Doug Barbin, managing director at Schellman, a global cybersecurity evaluator, said: “In general, facial recognition captures a lot of information depending on the amount and source of data, and that’s what that the future needs to be concerned with.
“If I manually do an image search on Google, will it return images tagged with my name or images previously identified as I am identifiable without any text or any context? That creates privacy concerns,” he said. “What about medical records? A huge application of machine learning is being able to determine health status through scans. But what is the cost of disclosing an individual’s status? “
Security issues related to facial recognition technology
Any biometrics, including facial recognition, are not private, Lewis said, which also leads to security concerns.

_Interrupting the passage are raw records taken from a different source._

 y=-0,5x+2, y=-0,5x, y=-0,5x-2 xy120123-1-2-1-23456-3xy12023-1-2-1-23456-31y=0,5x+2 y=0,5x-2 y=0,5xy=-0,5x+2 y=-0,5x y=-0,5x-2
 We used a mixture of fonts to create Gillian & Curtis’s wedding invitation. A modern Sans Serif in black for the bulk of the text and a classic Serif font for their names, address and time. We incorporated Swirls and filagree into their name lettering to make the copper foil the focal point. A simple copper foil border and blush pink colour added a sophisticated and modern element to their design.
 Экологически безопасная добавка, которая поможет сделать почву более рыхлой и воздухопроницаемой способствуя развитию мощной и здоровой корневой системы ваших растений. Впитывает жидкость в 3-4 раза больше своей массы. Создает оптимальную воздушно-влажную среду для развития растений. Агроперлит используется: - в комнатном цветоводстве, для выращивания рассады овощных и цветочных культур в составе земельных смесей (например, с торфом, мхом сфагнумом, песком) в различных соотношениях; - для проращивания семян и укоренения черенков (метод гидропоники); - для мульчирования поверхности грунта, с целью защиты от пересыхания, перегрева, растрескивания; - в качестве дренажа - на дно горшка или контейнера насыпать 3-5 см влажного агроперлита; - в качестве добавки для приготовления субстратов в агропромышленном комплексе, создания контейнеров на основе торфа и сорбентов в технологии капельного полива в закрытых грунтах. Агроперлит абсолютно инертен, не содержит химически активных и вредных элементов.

“This is an attribute, not a vulnerability, but in essence it means that biometrics can be copied and that presents security challenges,” he said. “With facial recognition, it is possible to ‘spoof’ a system (disguise as a victim) using a 3D image or mask created from an image of a victim.”

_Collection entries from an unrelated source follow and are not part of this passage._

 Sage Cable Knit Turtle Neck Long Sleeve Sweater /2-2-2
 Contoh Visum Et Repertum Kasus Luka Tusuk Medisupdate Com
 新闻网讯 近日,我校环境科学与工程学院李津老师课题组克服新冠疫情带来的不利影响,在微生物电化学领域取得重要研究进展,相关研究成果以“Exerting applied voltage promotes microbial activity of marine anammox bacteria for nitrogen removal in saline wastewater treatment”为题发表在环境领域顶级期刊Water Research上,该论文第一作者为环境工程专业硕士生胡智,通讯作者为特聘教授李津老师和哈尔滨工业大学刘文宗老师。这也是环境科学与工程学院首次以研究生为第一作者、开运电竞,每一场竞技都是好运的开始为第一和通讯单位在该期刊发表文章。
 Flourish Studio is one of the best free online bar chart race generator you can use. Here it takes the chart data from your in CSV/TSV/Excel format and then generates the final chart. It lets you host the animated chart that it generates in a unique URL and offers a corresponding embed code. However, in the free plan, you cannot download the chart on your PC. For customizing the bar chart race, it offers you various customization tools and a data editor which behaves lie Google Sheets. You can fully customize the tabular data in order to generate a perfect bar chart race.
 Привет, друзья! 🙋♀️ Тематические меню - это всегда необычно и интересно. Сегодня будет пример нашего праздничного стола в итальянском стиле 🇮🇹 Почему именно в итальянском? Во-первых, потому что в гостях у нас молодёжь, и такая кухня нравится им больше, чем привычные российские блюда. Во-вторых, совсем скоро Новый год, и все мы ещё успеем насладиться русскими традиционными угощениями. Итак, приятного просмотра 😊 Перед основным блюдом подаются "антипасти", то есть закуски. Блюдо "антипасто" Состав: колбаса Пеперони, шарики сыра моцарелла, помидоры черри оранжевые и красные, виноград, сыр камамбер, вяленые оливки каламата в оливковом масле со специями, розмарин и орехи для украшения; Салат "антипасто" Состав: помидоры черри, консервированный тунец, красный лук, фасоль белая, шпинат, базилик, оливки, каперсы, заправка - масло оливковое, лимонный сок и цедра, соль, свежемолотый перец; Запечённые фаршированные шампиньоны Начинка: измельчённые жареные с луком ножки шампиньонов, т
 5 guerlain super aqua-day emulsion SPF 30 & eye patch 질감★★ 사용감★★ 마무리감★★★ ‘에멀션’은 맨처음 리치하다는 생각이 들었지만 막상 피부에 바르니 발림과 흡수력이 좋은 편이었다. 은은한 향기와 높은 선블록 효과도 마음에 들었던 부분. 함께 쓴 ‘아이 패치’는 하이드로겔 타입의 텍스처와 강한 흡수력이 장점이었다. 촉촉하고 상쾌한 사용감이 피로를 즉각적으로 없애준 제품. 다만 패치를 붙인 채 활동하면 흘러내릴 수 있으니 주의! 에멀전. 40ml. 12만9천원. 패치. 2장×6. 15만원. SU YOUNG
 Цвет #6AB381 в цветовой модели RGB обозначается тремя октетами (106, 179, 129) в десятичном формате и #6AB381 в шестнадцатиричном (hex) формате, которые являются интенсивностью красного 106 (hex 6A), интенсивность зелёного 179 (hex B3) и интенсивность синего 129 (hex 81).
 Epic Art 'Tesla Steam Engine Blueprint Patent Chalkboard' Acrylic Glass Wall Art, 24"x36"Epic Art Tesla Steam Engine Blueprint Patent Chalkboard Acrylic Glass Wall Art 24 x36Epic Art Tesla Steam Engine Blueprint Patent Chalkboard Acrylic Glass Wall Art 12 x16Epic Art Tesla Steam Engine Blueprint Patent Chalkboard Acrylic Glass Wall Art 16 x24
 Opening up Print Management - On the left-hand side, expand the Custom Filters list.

Another property of all biometrics is the statistical matching process — users never bring their faces into the camera in exactly the same way, and user features may differ depending Depends on the time of day, cosmetic use, etc., says Lewis.
Therefore, the facial recognition system must determine how likely the face shown to it is that of an authorized person, he said.
“This means that some people may be similar to others in ways that are sufficient for them to be authentically others due to similarities in characteristics,” Lewis said. “This is called the false acceptance rate in biometrics.”
Because it involves storing face images or patterns (mathematical representations of face images used for matching), the security implications of facial recognition are similar to any other information. to which personal identification, for which recognized encryption methods, process protections and policies must be applied, he said.
UNDERSTAND: Password Breach: Why Pop Culture and Passwords Don’t Go Together (Free PDF) (TechRepublic)
“Additionally, facial recognition can be vulnerable to what we call ‘presentational attacks’ or use physical or digital spoofing, such as masks or deepfakes,” Pritikin said, “So, Proper technology to detect these attacks is critical in many use cases.”
John Ryan, partner at law firm Hinshaw & Culbertson LLP, says people’s faces are key to their identity. People who use facial recognition technology are at risk of identity theft. Unlike passwords, people cannot simply change their faces. As a result, companies that use facial recognition technology are targets for hackers.
So companies often enact storage and destruction policies to protect this data, Ryan said. In addition, facial recognition technology often uses algorithms that cannot be reverse engineered.
“These barriers have been very helpful so far,” he said. “However, governments at the state and federal levels are concerned. Some states, such as Illinois, have enacted laws to regulate the use of facial recognition technology. There is also legislation pending at the federal level. “
Pritikin says that his company uses advanced technologies, such as Presentation Attack Detection, which protect against the use of tampering data.
“We are also currently developing advanced technologies to detect deep spoofing or other digital manipulation of the face,” he said. “In a world where we rely on faces to confirm identity, whether it be in person during a video call, understanding what is real and what is fake is an important aspect of security and privacy — even when facial recognition technology is not being used.”